Here is a piece I wrote for Brit in the fall of 2001:
All That, Gathered Into This
I did call Hearthaven this morning, inquiring into cost of cremation. The cheapest would have meant some portion of the ashes of half a dozen dogs fired together for economy’s sake. Could have planned ahead, I suppose; but since the divorce and the bankruptcy, there hasn’t been much cash around anyway. Remember? It took us the better part of that day last autumn, rummaging the alleys for blocks around, to scrounge up the plywood and lumber to build that ramp off the deck so you could make it out and in from the yard. I’d been surprised to see you no longer able to leap the eight inches or so from the grass. Finished, I remember how pleased you seemed, scrunching up your blonde ears edged with white, waiting for me to scratch them, and so gently wagging your tail.

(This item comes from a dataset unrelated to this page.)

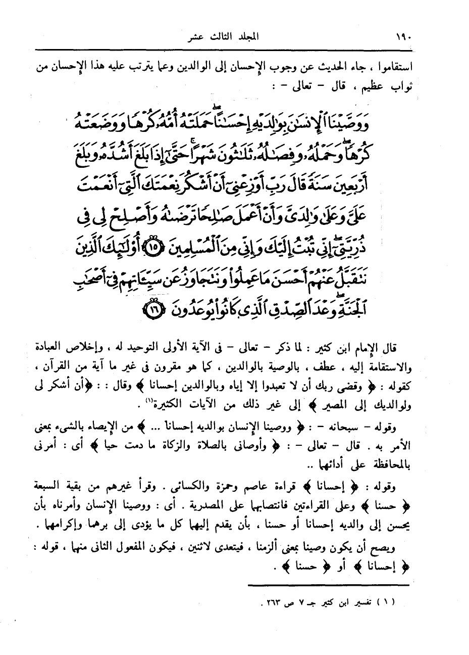 وَوَصَّيْنَا الْإِنْسانَ بِوالِدَيْهِ إِحْساناً حَمَلَتْهُ أُمُّهُ كُرْهاً وَوَضَعَتْهُ كُرْهاً وَحَمْلُهُ وَفِصالُهُ ثَلاثُونَ شَهْراً حَتَّى إِذا بَلَغَ أَشُدَّهُ وَبَلَغَ أَرْبَعِينَ سَنَةً قالَ رَبِّ أَوْزِعْنِي أَنْ أَشْكُرَ نِعْمَتَكَ الَّتِي أَنْعَمْتَ عَلَيَّ وَعَلى والِدَيَّ وَأَنْ أَعْمَلَ صالِحاً تَرْضاهُ وَأَصْلِحْ لِي فِي ذُرِّيَّتِي إِنِّي تُبْتُ إِلَيْكَ وَإِنِّي مِنَ الْمُسْلِمِينَ (15) أُولئِكَ الَّذِينَ نَتَقَبَّلُ عَنْهُمْ أَحْسَنَ ما عَمِلُوا وَنَتَجاوَزُ عَنْ سَيِّئاتِهِمْ فِي أَصْحابِ الْجَنَّةِ وَعْدَ الصِّدْقِ الَّذِي كانُوا يُوعَدُونَ (16)

Just like you wagged it last night, nudging my shin with your gray muzzle to let me know it was time to go outside. Long and stiff-legged for both of us that journey was, from the study to sliding glass door. Long too your stay in the yard, slowly sniffing every inch of the fence’s perimeter before you reappeared, eyes glowing, in the light that spilled out into the night. Curious, I thought, how after you came in, you lowered your nose and, lingering, pressed your forehead softly against my lower leg. Then off you creakily ambled to the bedroom, curling up upon your cedar filled bed and favorite blanket, to wait my abandonment of yet another nascent poem and join you for sleep.
Perhaps, on some level, I was in denial, but last night I lost myself in nagging at line breaks, or assonance, or texture of a now unremembered gaggle of grammar and syntax. It wasn’t until you yowled that I awakened to the here and now… or rather, the there and then.

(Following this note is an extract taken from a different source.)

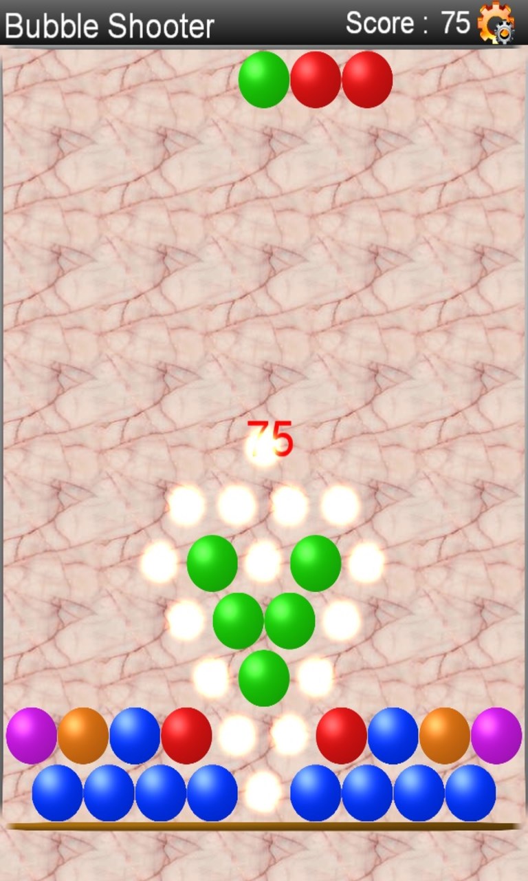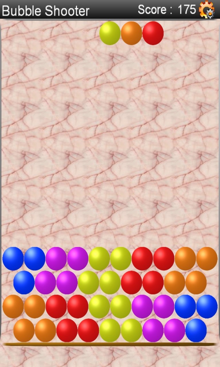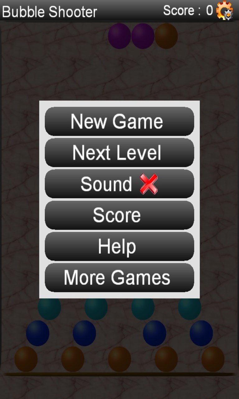 Aim and tap the screen to launch the next bubble to form a cluster of 3 or more. Clear the board before it fills up to move to the next level. Use menu (top-right corner button) to change level or to check score.

You lay struggling to breathe, groaning to the core of your small frame in profound pain. Then, in that agonizingly infinite moment, I knew much more than a few lines of poetry were in need of letting go. So, lying down on the floor beside you, I gathered you into my arms and cuddled up; the way we had begun our friendship.

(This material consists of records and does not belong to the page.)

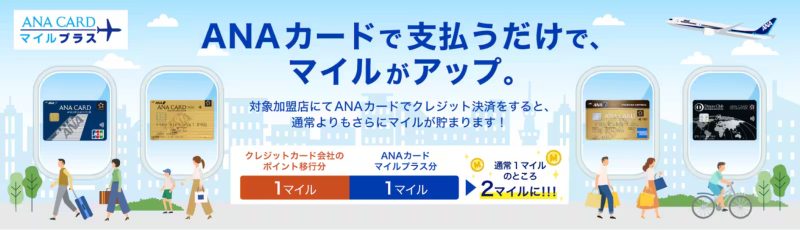 通常の決済分に加えて、ANAカードマイルプラスで通常1マイルが2マイルになります。
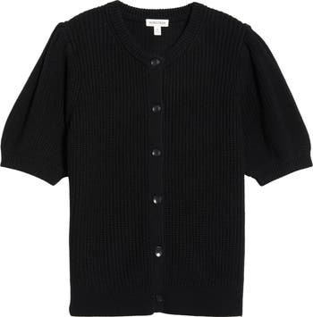 Charming puff sleeves and elbow-length proportions bring quiet structure to this refined cardigan crafted in a rich merino-wool blend that offers cozy warmth.
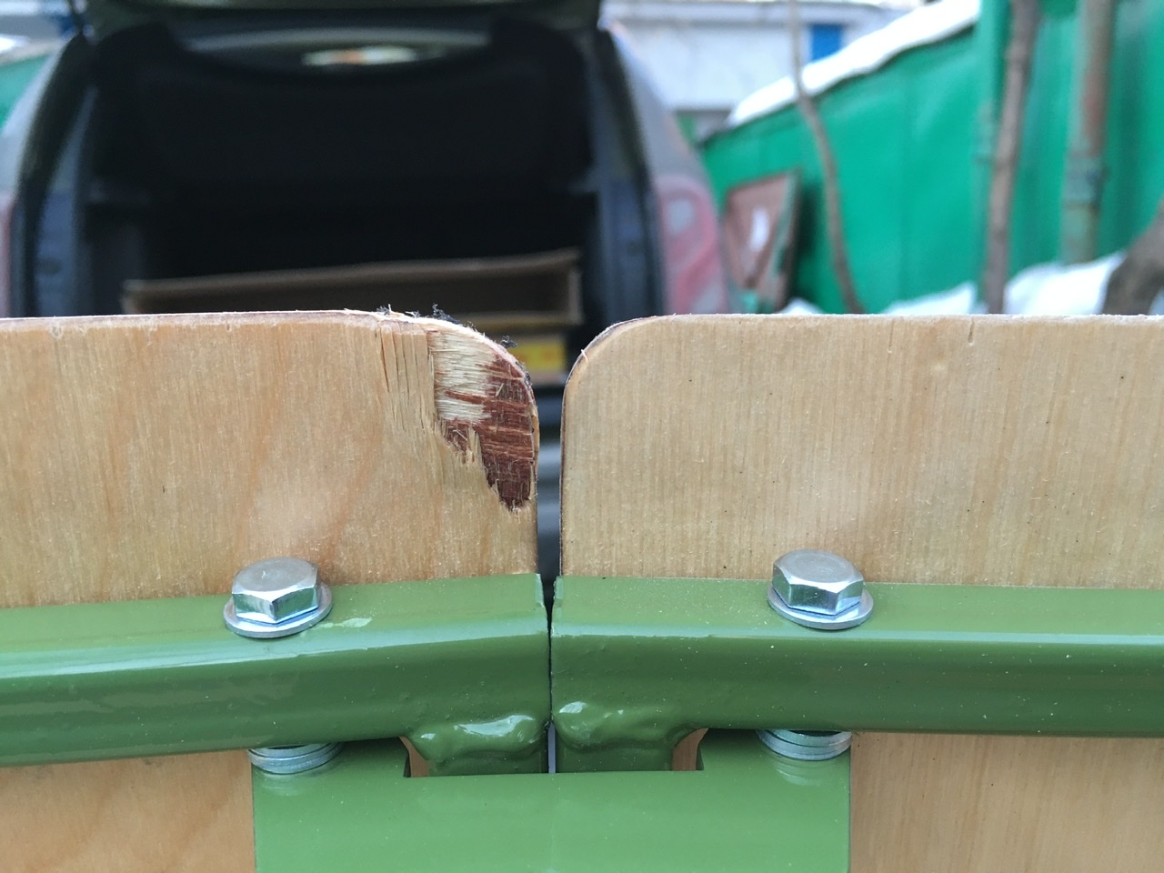 Чтото мне не везёт с доставками,в прошлый раз КЦ приехала замятая,но она то железная,всё легко отстучал резиновым молотком,а тут угол весь в труху,что бы его отпилить/сточить,надо фанеру снимать,так как он до рамы стал мягкий и мохрится!

Three, no, four hours we lay there, you periodically groaning, punctuating the darkness with shrill, staccato yelps. I stroked your body, reminiscing sotto voce; recalling sunsets sailing toward Augustine in our lug-rigged ketch with spruce masts the color of your coat, long nights curled together, like now, in snow caves near the headwaters of the Placer River, years of playing stick in the surf on Homer Spit, warm and sunny spring afternoons Nordic skiing through big hemlock to Winner Creek, you flying ahead, ears and tail high, clearing trails of squirrels and magpies.
Finally, as you
trembled, no longer able to lift your head from the crook of my elbow, I awoke
from the past long enough to consider your struggle in the present. Bending near your ear, my lips brushing the fine, white hairs I
whispered, “It’s ok,
Forgive me, but
a below-zero February morning limits options. Now I struggle to figure out final
stuff, driving toward Girdwood with you, one last time riding shotgun. I toss it
up to the One who always watched over us. Soon enough, the highway straightens
and I see those trees where you used to chase me chasing you, off toward
Parking, I gather you in my arms. It’s been a while since fresh snow and walking toward the trees I remember as our trees is easy, the only sounds the crunching of crusty frost beneath my boots, an occasional whine of studded tires careening around the curves below Penguin Ridge in the distance.
A hundred yards off the highway I lay you down, below the high water mark, near the ebbing shoreline. Kneeling and kissing your nose, I repeat my promise. If I had a tail, I’d wag it. Were it possible, I’d lie this carcass down and ask the rising tide to take me too.